I was looking for a 4 jaw chuck years ago on e-bay. I bid on and won a 4" 4 jaw for a reasonable price. Imagine my surprise when I received it and discovered in my haste and inexperience I had purchased a self-centering 4 jaw scroll chuck, not an independent 4 jaw (no wonder the price was good!). I didn't know 4 jaw self-centering even existed!
It came with 2 sets of jaws, inner and outer, like the OEM 3" 3 jaw that came with my lathe. The inner jaws were not a correct set and would not close to zero. The seller and I went round and round exchanging emails over the problem  until I photographed the scroll teeth cut in the jaws to prove the set was defective. He finally exchanged the set for one from another chuck and they work fine. It is my go to chuck for stuff that is too big for the OEM 3" 3 jaw and is used just as much. I later used my hard won chuck education to buy an older 4" 4 jaw independent chuck.

Chuck


----------



## Mbusha (Feb 14, 2013)

I knew enough (just barely) to order the four jaw with my mini lathe. First project was an adapter for the mill's rotary table. Goes back and forth often and is very useful. Also, in addition to the four jaw, a face plate is handy as well. 

--Mark


----------



## Coilmotorworks (Mar 14, 2013)

My advice, if you don't already have them, is to Invest in a Last Word style indicator and a magnetic base and dial indicator to aid in centering parts in your newly acquired I4J.


----------



## Mbusha (Mar 14, 2013)

Coilmotorworks said:


> My advice, if you don't already have them, is to Invest in a Last Word style indicator and a magnetic base and dial indicator to aid in centering parts in your newly acquired I4J.

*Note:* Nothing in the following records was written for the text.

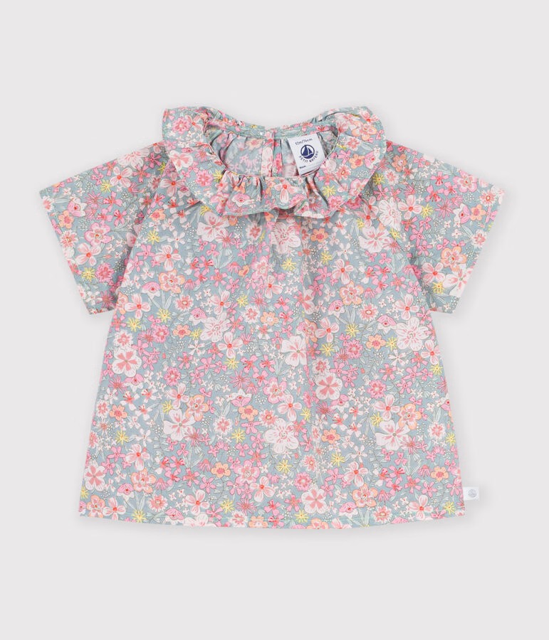 - Très raffinée avec sa collerette volantée et son imprimé fleuri.
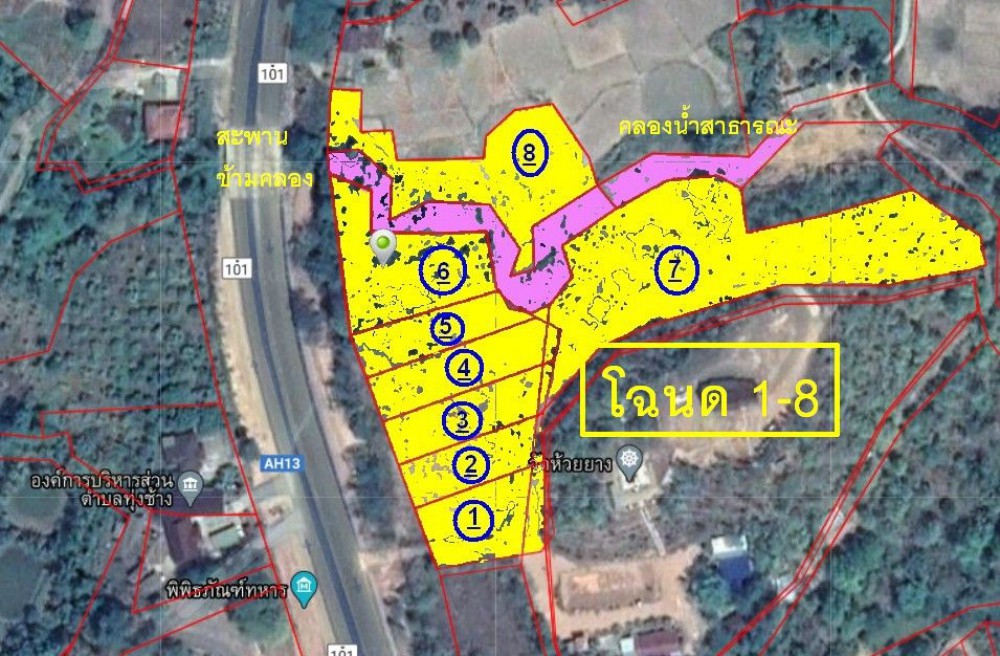 - ที่ดิน อยู่ฝั่ง ตรงข้าม อบต.ทุ่งช้าง
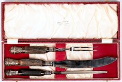 Een trancheerset met wetstaal, verzilverd metaal, inox en gewei.
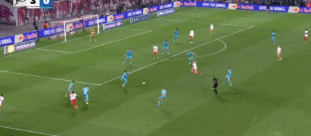 第30分鐘,格魯達(dá)斜傳至禁區(qū),鮑姆加特納停球射門(mén)一氣呵成,萊比錫3-0
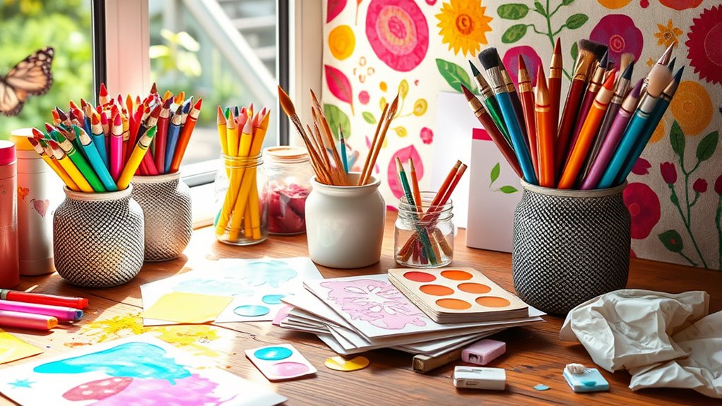 To select age-appropriate art supplies for your child, I consider their age, safety, and skill level. I look for non-toxic, washable, and durable tools that suit their developmental stage. For younger kids, I pick chunky crayons and large brushes, while older children can handle finer pens and paints. I also check for clear labels and safety certifications to guarantee everything is safe and suitable for their age.
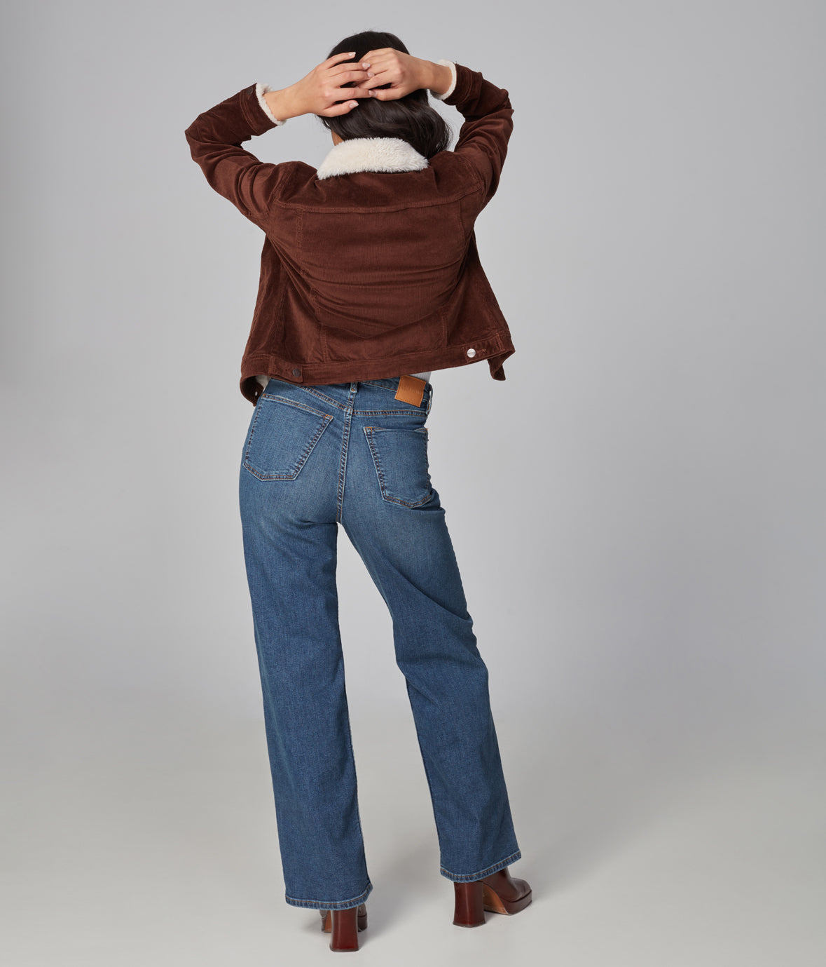 The Gabriella is a classic constructed denim jacket. This essential piece combines authentic details with clean styling. Featured here in Sherpa Chocolate Brown for cooler days.
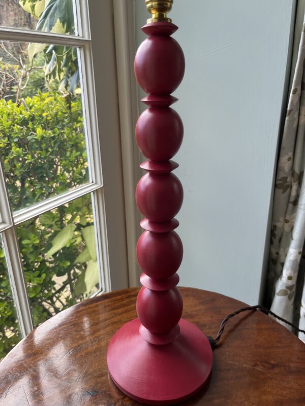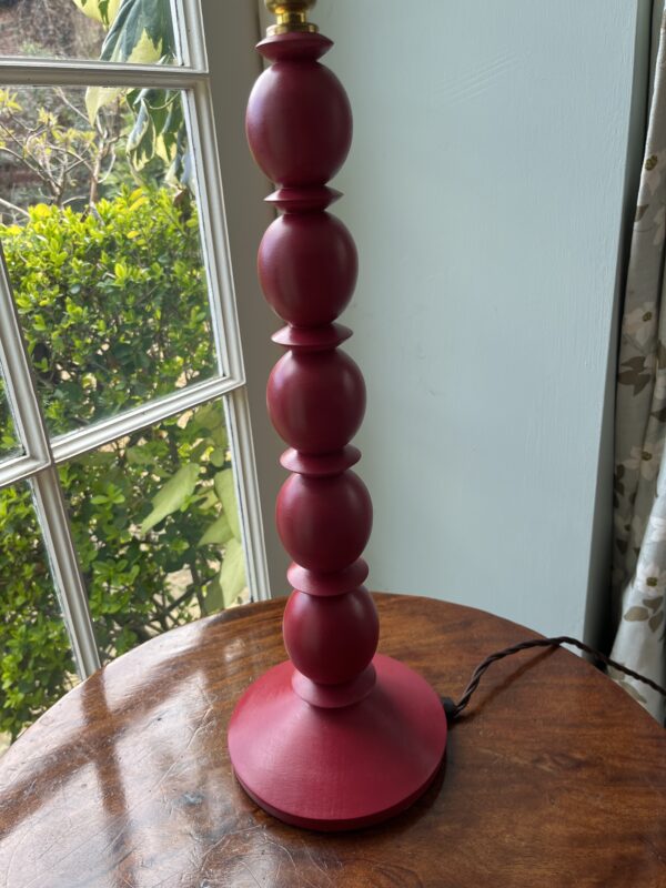 Painted in F & B Theatre Red Bobbin natural wood lamp base
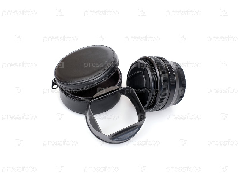 Фотообъектив и аксессуары изолированы на белом фоне
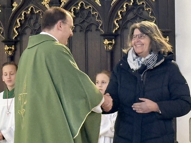Pastoralreferentin Alice Düchs dankte dem Weihbischof im Anschluß der Messfeier für die beeindruckende Predigt und dafür, dass er zugesagt habe, nach Bad Königshofen zu kommen, um hier die Gebetstage zu eröffnen. Als Geschenk gab es „Königshöfer Pflasterstee“, die daran erinnern, dass Königshofen einst die ersten gepflasterten Straßen hatte. Dazu überreichte sie ein Lebkuchenherz mit den Initialen P R. Das stehe für den Pastoralen Raum Bad Königshofen zum einen und es seien auch die Initialen von Weihbischof Paul Reder. „Es ist ein Herz, das mit Liebe gebacken wurde.“  Weihbischof Paul Reder sei somit die Verbindung zu den neuen Pastoralen Räumen. Der Weihbischof bedankte sich sehr herzlich, sagte, dass er sehr gerne gekommen sei und sich auf die anschließende Begegnung im Pfarrgemeindehaus freue.
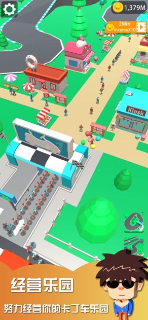 1、开始经营你的卡丁车主题乐园,会有许多的游客慕名而来,开始激烈的对决。
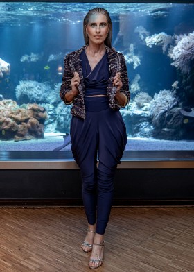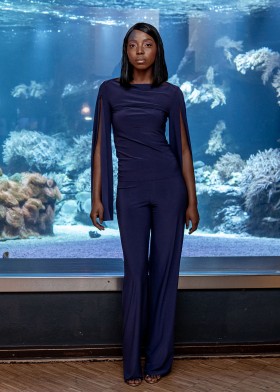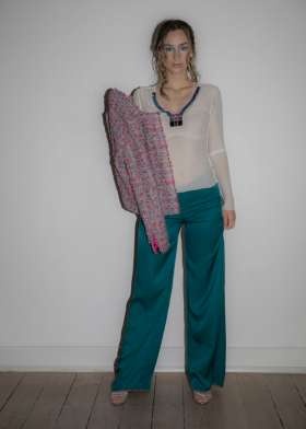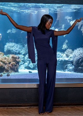 Waterfall Shirt aus Crêpe Jersey mit überschnittenem Arm und silbernen Lurexnähten
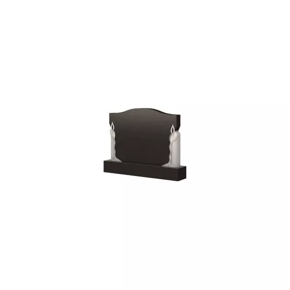Затейливая и колоритная модель памятника, представленная переплетением и четких ровных линий боковых граней, и плавных изгибов, прорисовывающих ее верхушку. Красивым контрастным акцентом представлен декоративный узор, оформляющий лицевую сторону надгробия — две большие ярко горящие свечи. От яркого пламени и жара они плавятся, изливая свой горячий воск к подножию мемориального сооружения. Памятник такой формы наполнен теплотой, чуткостью, любовью и уважением к почившим любимым и дорогим людям. Он станет бесценным венцом места захоронения, сохранив в памяти их добрые и светлые образы на многие годы.
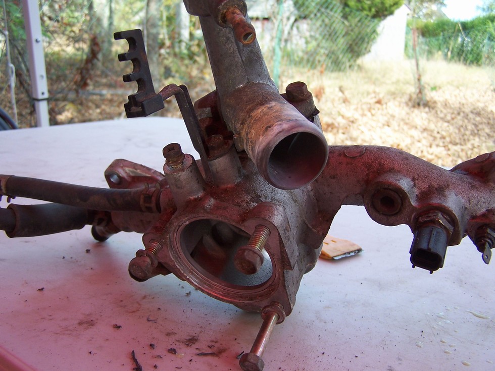 time to start on this thermostat housing, not sure what color powdercoat yet on this, valve covers are done , went with gloss black, they look great.
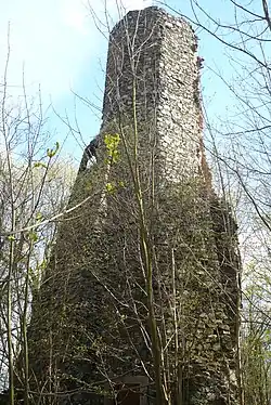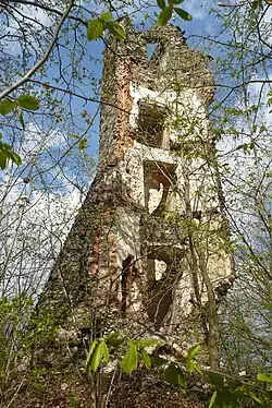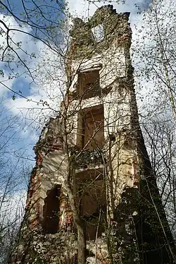 Na wzgórzu znajdują się ruiny wieży widokowej z 1813 roku imitujące zamek, wybudowane przez hrabiego Antona von Magnisa[1]. Obecnie ruiny oraz baszta są zaniedbane. Zawalił się zmurszały dach, połamały się kręte schody[1]. Z zewnątrz można zobaczyć kunsztowną konstrukcję budowli z łamanego kamienia. Fundamenty oraz przybudówki ze ścianami przypominają średniowieczne zamczysko[1]. Na ścianach widać ślady schodów oraz wejścia do nieistniejących pokoi przyklejonych do baszty.

Interapid IMHO, Last Word just does not have enough travel. I have both; with several Interapid and they have always been my favorite. I do have a nice B&S with a black face and orange dial, very cool. It was a gift from the VP of manufacturing for help on a project. Very knowledgable old guy, when I use it I think of him. Funny how some tools in my box make me have memories of the old days.

I'm getting morose, carry on.


----------



## Coilmotorworks (Mar 17, 2013)

I find that I can dial in the part in an Ind. 4 jaw by eye to the point where the travel in the last word is more than enough to finish centering the part. I like the last word because it can be held in the chuck on the tail stock. For those that are new to the thought of using the ind. 4 jaw chucks, with time you can almost center it without the aid of any measuring device with practice. 

There is a the set-true type three jaw scroll chuck. It is a scroll chuck mounted to a back plate that allows for the whole chuck to move for aligning it to center, usually with set screws.


----------